▶ Exercise goal
From the line containing "- Do not use" to the last line of the data below, copy everything exactly and nothing else; pictures stay out.

▶ Data for analysis
====================

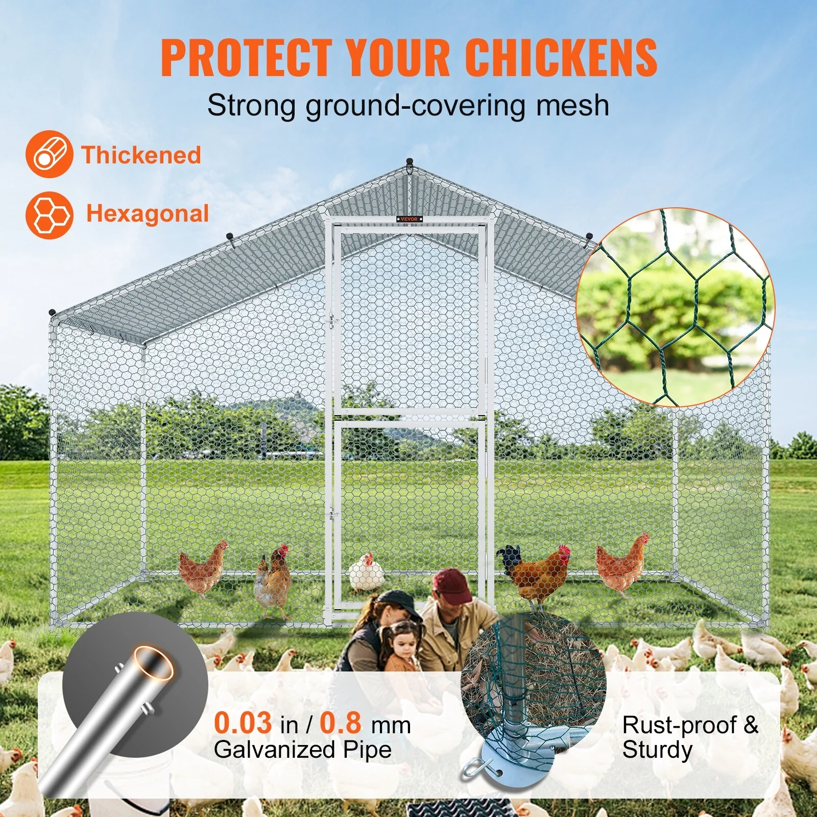 VEVOR Large Metal Chicken Coop with Run Walkin Chicken Coop for Yard with Waterproof Cover 6.6 x 9.8 x 6.6 ft - Peaked Roof - Curated Treasures Market
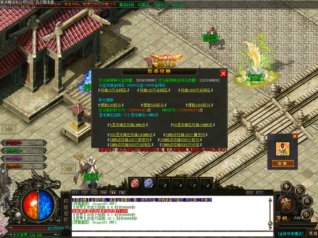 捐献(30米)+ 乾坤玉佩(58米点)米点比例1-10 等于5块8 属性:超级鞭尸+隐身+传送+刀刀切割500W,而且额外提高3倍的爆率!
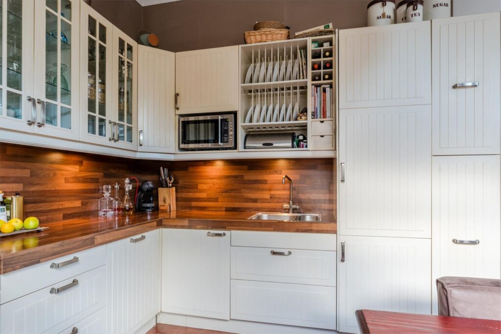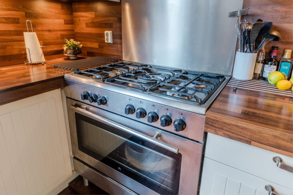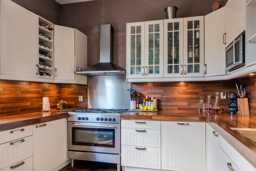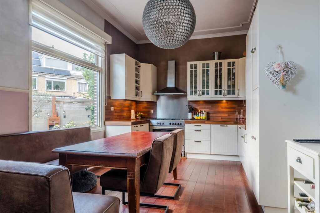 De woonkeuken is een heerlijke plek om samen te komen. Met een hoekopstelling, inbouwapparatuur, houten werkblad en directe deur naar de tuin vormt dit het hart van het huis.
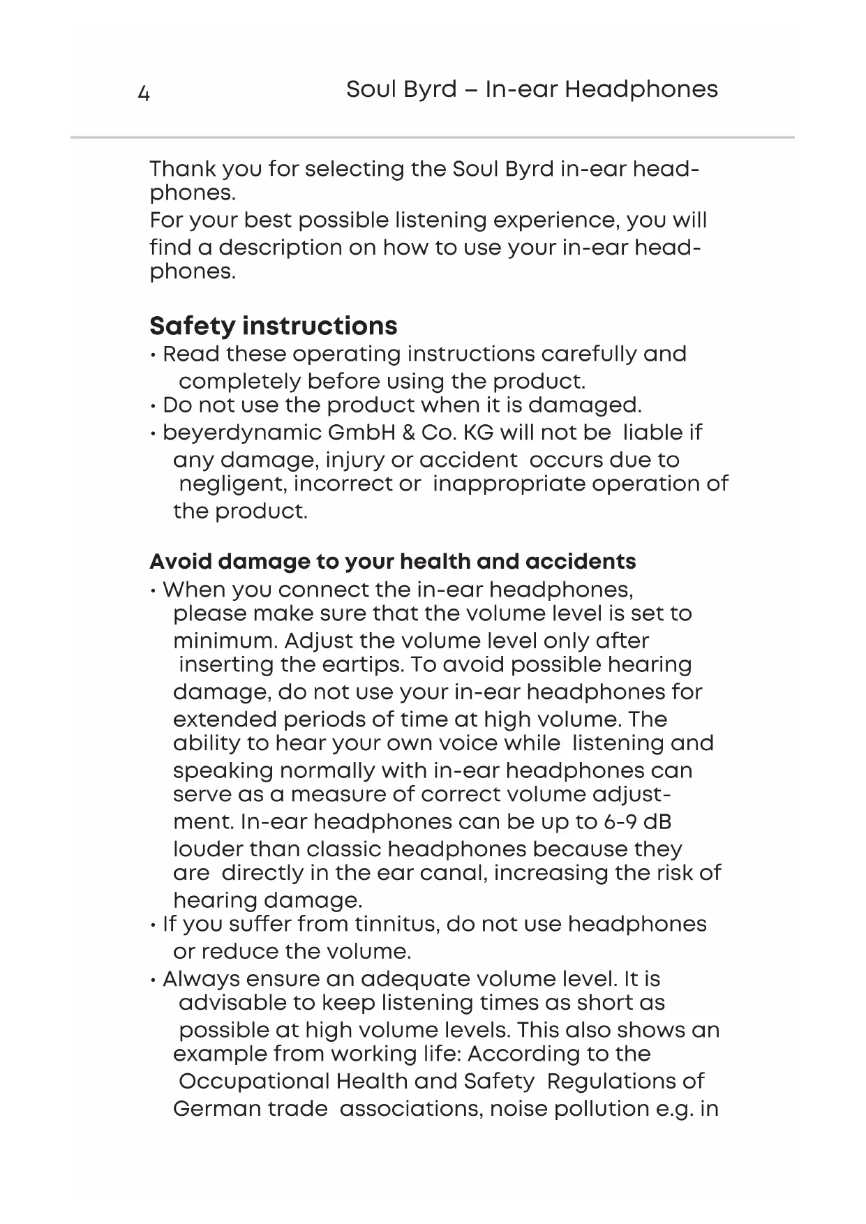 - Do not use the product for any application which is not describe in this product information. beyerdynamic is not liable for improper use of the product and its accessories.english Soul Byrd – In-ear Headphones
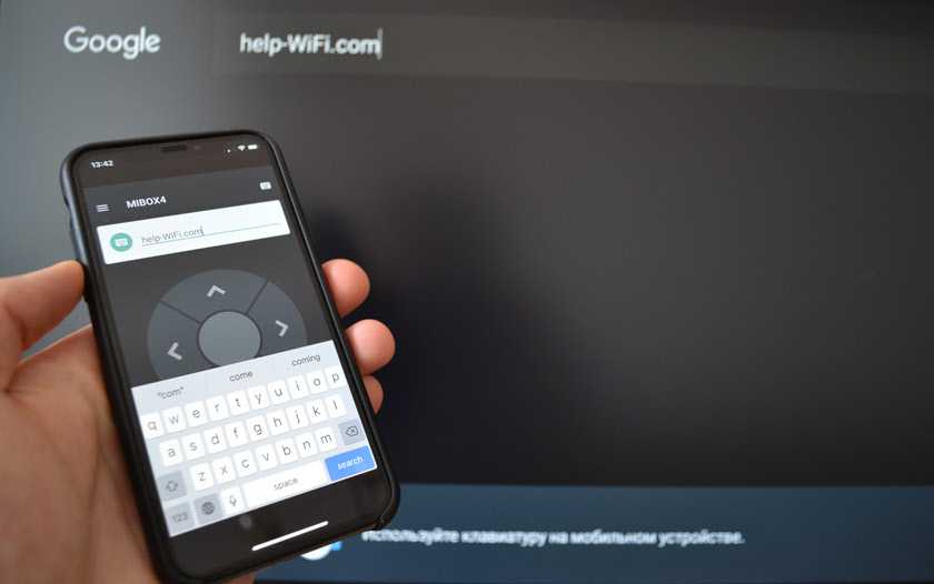 При вводе текста (делать это с помощью пульта ДУ на экранной клавиатуре не очень удобно) система сама предложит использовать подключенный телефон для ввода текста с помощью клавиатуры на мобильном устройстве. Клавиатура на телефоне откроется автоматически. Или откройте ее нажав на отдельную кнопку в приложении. Так же можно скопировать текст или ссылку с телефона и вставить ее на приставке.
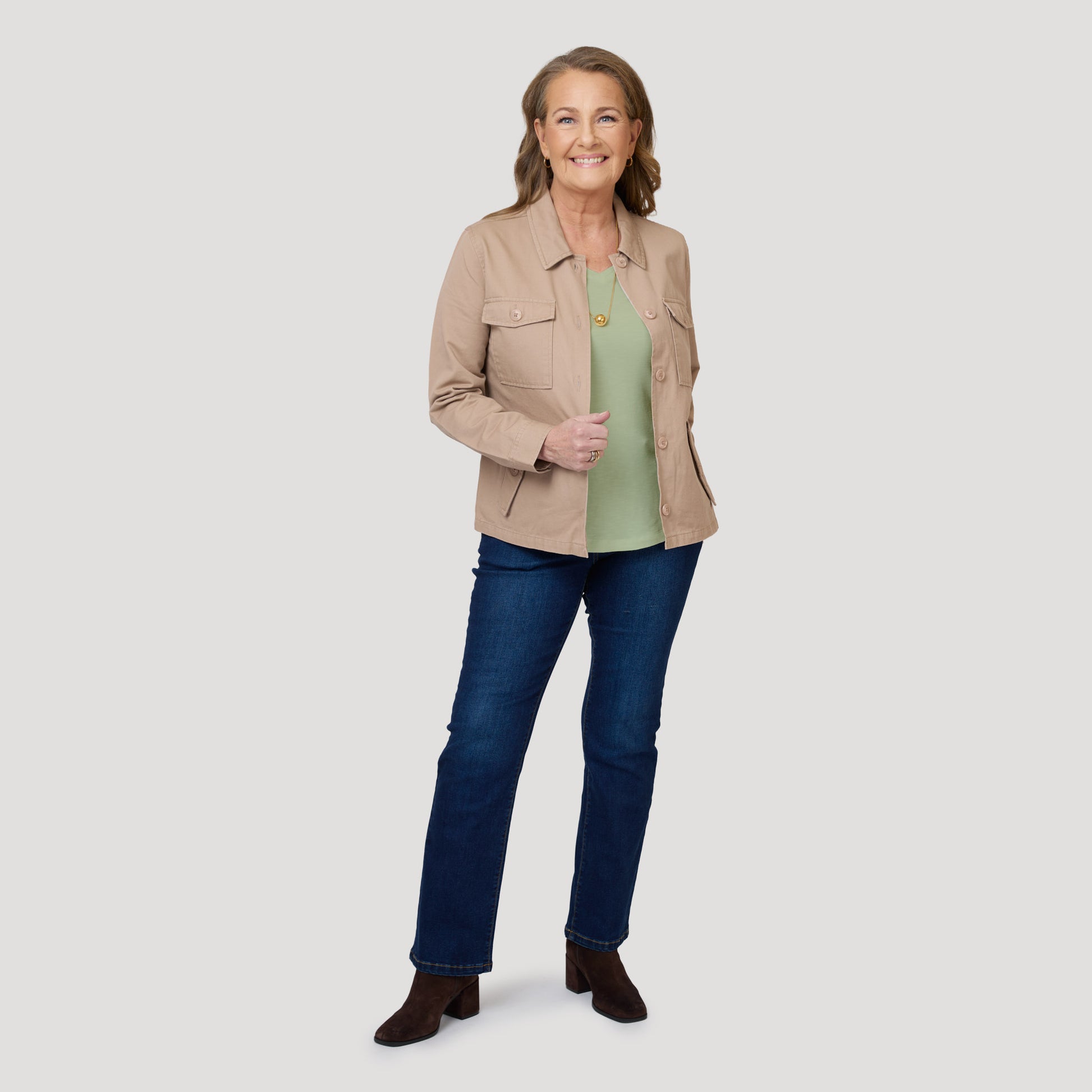 Vaaleanvihreä toppi beigen takin alle

====================

▶ Answer section
 - Do not use the product for any application which is not describe in this product information. beyerdynamic is not liable for improper use of the product and its accessories.english Soul Byrd – In-ear Headphones
 При вводе текста (делать это с помощью пульта ДУ на экранной клавиатуре не очень удобно) система сама предложит использовать подключенный телефон для ввода текста с помощью клавиатуры на мобильном устройстве. Клавиатура на телефоне откроется автоматически. Или откройте ее нажав на отдельную кнопку в приложении. Так же можно скопировать текст или ссылку с телефона и вставить ее на приставке.
 Vaaleanvihreä toppi beigen takin alle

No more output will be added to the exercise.